Records from a collection:
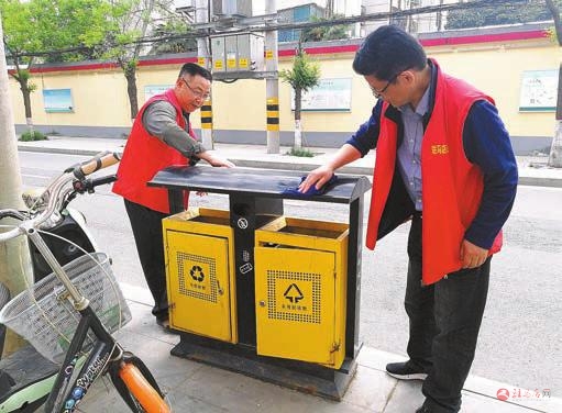 志愿者清理路段垃圾箱的卫生。记者邓桦摄
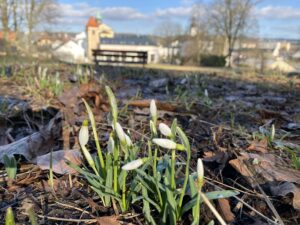 Prim hraje něžná sněženka podsněžník, která už zdobí různé kouty parku svou bílou krásou.
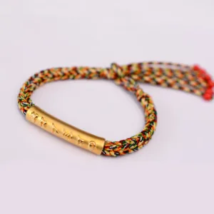 In lineages of Tibetan Vajrayana Buddhism. tying a cord or string around the wrist is common during ceremonies. Traditionally. the Lama blesses the string and then ties a knot and imbues it with a mantra. Similar to other traditions. it’s said that these red cords bring luck and offer protection.
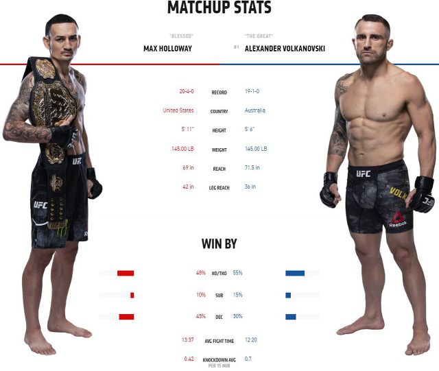 6. 맥스 할로웨이 (1패 후 1승 중) vs 알렉산더 볼카노프스키 (UFC7연승 중) x3
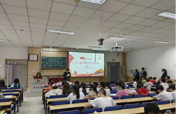 上一学年学生会工作活动成果中拉开序幕。在会上,学生会主席孙雨豪发表讲话,在讲话中,他们对上一学年的工作做出了深刻的反思与总结,并对此届学生会干部成员提出了新的工作要求。
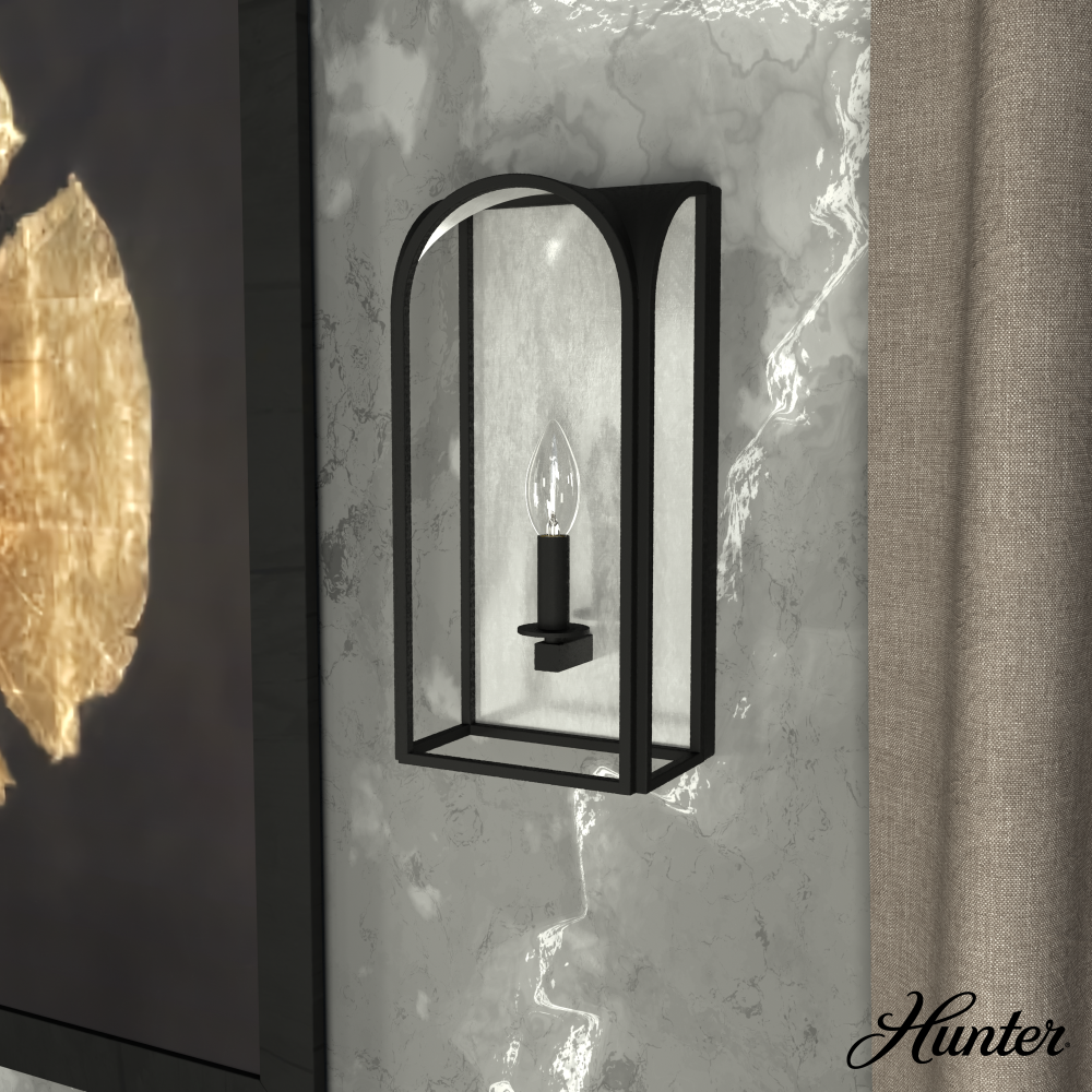Hunter Dukestown Natural Black Iron and Silver Leaf 1 Light Large Sconce Wall Light Fixture

- PROBLEM DETAILS
Copy every entry above exactly as it stands, but leave the pictures out.

- SOLUTION
 志愿者清理路段垃圾箱的卫生。记者邓桦摄
 Prim hraje něžná sněženka podsněžník, která už zdobí různé kouty parku svou bílou krásou.
 In lineages of Tibetan Vajrayana Buddhism. tying a cord or string around the wrist is common during ceremonies. Traditionally. the Lama blesses the string and then ties a knot and imbues it with a mantra. Similar to other traditions. it’s said that these red cords bring luck and offer protection.
 6. 맥스 할로웨이 (1패 후 1승 중) vs 알렉산더 볼카노프스키 (UFC7연승 중) x3
 上一学年学生会工作活动成果中拉开序幕。在会上,学生会主席孙雨豪发表讲话,在讲话中,他们对上一学年的工作做出了深刻的反思与总结,并对此届学生会干部成员提出了新的工作要求。
Hunter Dukestown Natural Black Iron and Silver Leaf 1 Light Large Sconce Wall Light Fixture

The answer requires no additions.